- _Work request_:
If an entry below contains an image, drop the image and retype the rest exactly.

- _Listed records_:
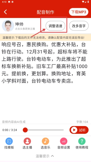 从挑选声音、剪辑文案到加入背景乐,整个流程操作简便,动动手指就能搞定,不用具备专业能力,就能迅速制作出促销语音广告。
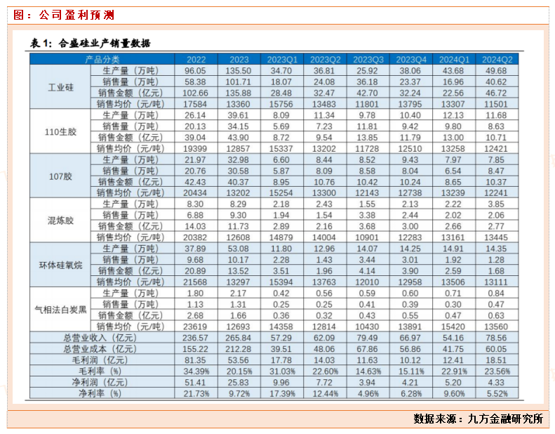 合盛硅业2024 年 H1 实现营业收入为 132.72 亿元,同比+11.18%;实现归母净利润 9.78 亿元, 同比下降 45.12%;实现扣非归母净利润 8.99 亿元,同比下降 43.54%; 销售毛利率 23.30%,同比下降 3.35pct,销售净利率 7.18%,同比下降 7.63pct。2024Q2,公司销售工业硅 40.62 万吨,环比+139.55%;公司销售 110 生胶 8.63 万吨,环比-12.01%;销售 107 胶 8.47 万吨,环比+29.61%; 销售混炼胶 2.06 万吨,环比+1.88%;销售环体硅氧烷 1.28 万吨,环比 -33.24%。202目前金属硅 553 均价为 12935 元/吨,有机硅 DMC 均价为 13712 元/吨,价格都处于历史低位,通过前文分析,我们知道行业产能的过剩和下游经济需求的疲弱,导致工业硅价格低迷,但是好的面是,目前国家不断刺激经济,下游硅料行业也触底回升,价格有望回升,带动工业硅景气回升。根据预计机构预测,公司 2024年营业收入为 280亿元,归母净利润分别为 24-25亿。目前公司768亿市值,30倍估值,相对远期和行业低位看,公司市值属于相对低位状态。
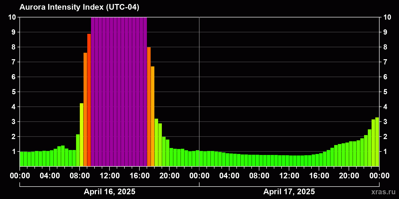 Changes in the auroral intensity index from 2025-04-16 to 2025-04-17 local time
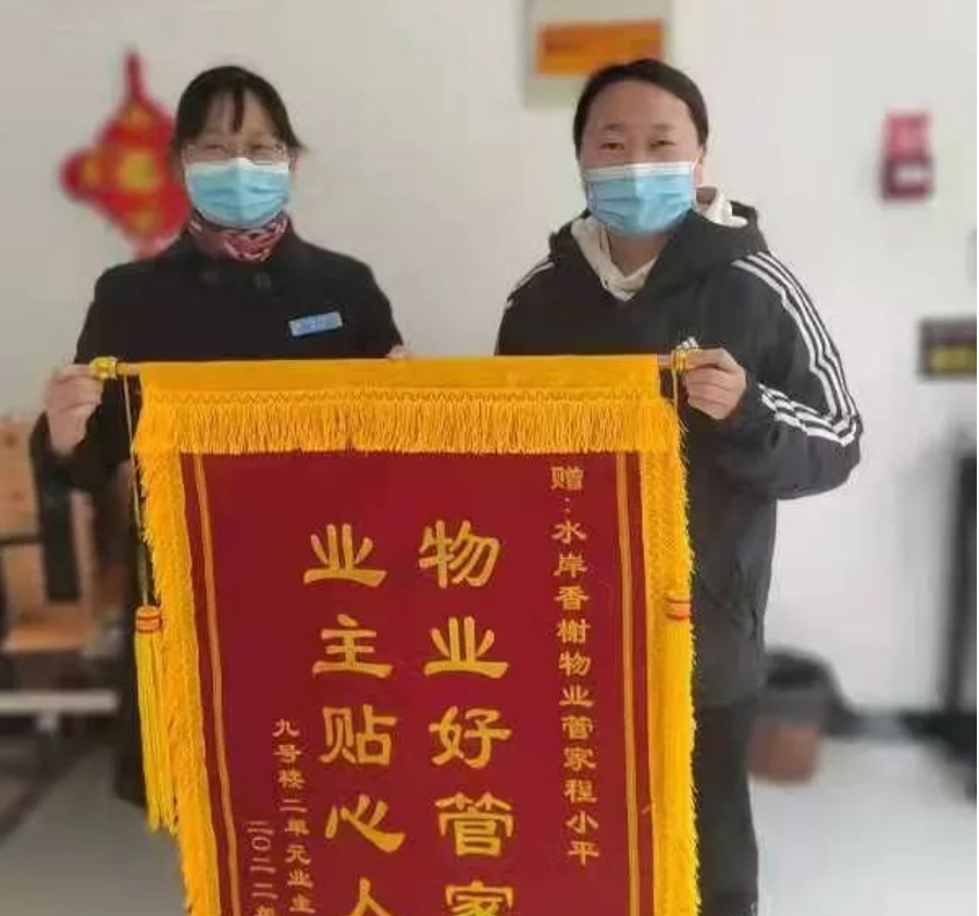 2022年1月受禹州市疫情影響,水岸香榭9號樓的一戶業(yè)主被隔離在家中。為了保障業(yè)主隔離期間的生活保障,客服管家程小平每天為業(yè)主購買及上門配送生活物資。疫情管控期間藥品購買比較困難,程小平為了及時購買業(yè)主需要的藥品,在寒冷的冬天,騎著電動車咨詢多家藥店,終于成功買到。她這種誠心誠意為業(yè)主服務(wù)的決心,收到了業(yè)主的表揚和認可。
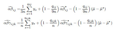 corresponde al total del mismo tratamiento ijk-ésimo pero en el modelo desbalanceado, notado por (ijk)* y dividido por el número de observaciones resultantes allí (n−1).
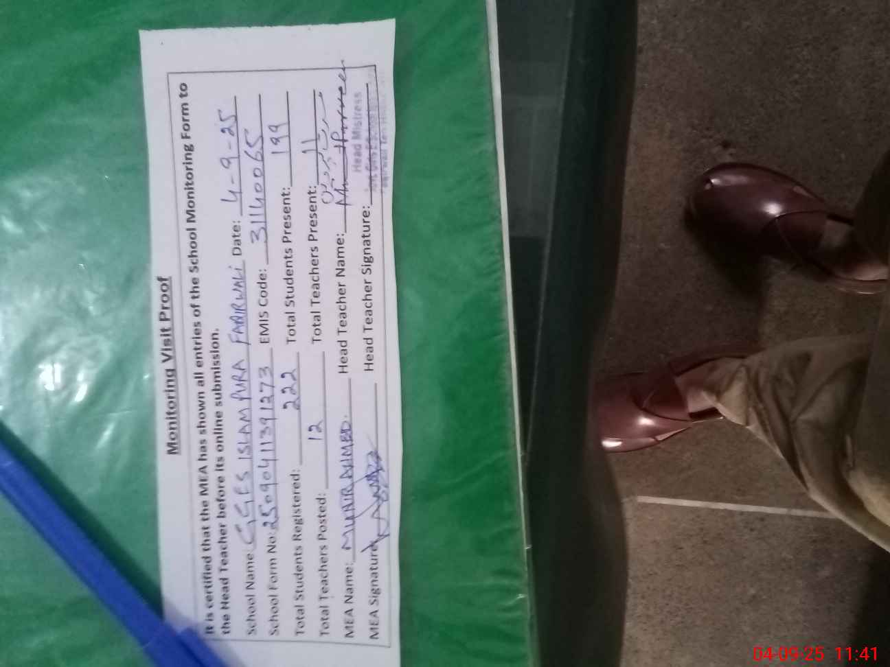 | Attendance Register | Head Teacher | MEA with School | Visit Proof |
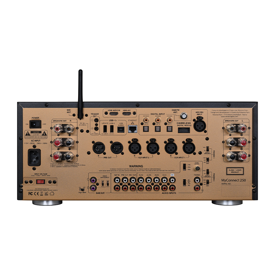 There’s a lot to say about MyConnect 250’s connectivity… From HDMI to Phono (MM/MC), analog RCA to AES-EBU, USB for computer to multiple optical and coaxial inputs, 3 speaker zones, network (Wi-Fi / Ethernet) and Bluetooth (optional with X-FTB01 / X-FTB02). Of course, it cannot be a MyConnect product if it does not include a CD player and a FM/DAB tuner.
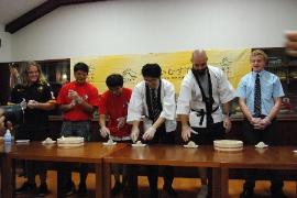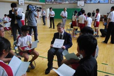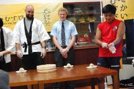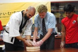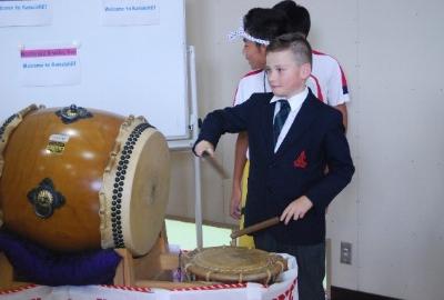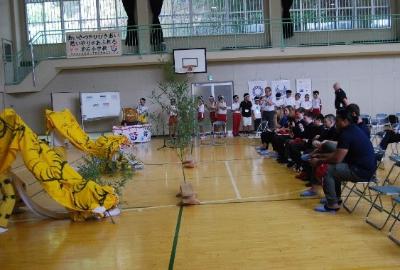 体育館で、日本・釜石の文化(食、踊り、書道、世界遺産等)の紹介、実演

- _Answer box_:
 从挑选声音、剪辑文案到加入背景乐,整个流程操作简便,动动手指就能搞定,不用具备专业能力,就能迅速制作出促销语音广告。
 合盛硅业2024 年 H1 实现营业收入为 132.72 亿元,同比+11.18%;实现归母净利润 9.78 亿元, 同比下降 45.12%;实现扣非归母净利润 8.99 亿元,同比下降 43.54%; 销售毛利率 23.30%,同比下降 3.35pct,销售净利率 7.18%,同比下降 7.63pct。2024Q2,公司销售工业硅 40.62 万吨,环比+139.55%;公司销售 110 生胶 8.63 万吨,环比-12.01%;销售 107 胶 8.47 万吨,环比+29.61%; 销售混炼胶 2.06 万吨,环比+1.88%;销售环体硅氧烷 1.28 万吨,环比 -33.24%。202目前金属硅 553 均价为 12935 元/吨,有机硅 DMC 均价为 13712 元/吨,价格都处于历史低位,通过前文分析,我们知道行业产能的过剩和下游经济需求的疲弱,导致工业硅价格低迷,但是好的面是,目前国家不断刺激经济,下游硅料行业也触底回升,价格有望回升,带动工业硅景气回升。根据预计机构预测,公司 2024年营业收入为 280亿元,归母净利润分别为 24-25亿。目前公司768亿市值,30倍估值,相对远期和行业低位看,公司市值属于相对低位状态。
 Changes in the auroral intensity index from 2025-04-16 to 2025-04-17 local time
 2022年1月受禹州市疫情影響,水岸香榭9號樓的一戶業(yè)主被隔離在家中。為了保障業(yè)主隔離期間的生活保障,客服管家程小平每天為業(yè)主購買及上門配送生活物資。疫情管控期間藥品購買比較困難,程小平為了及時購買業(yè)主需要的藥品,在寒冷的冬天,騎著電動車咨詢多家藥店,終于成功買到。她這種誠心誠意為業(yè)主服務(wù)的決心,收到了業(yè)主的表揚和認可。
 corresponde al total del mismo tratamiento ijk-ésimo pero en el modelo desbalanceado, notado por (ijk)* y dividido por el número de observaciones resultantes allí (n−1).
 | Attendance Register | Head Teacher | MEA with School | Visit Proof |
 There’s a lot to say about MyConnect 250’s connectivity… From HDMI to Phono (MM/MC), analog RCA to AES-EBU, USB for computer to multiple optical and coaxial inputs, 3 speaker zones, network (Wi-Fi / Ethernet) and Bluetooth (optional with X-FTB01 / X-FTB02). Of course, it cannot be a MyConnect product if it does not include a CD player and a FM/DAB tuner.
 体育館で、日本・釜石の文化(食、踊り、書道、世界遺産等)の紹介、実演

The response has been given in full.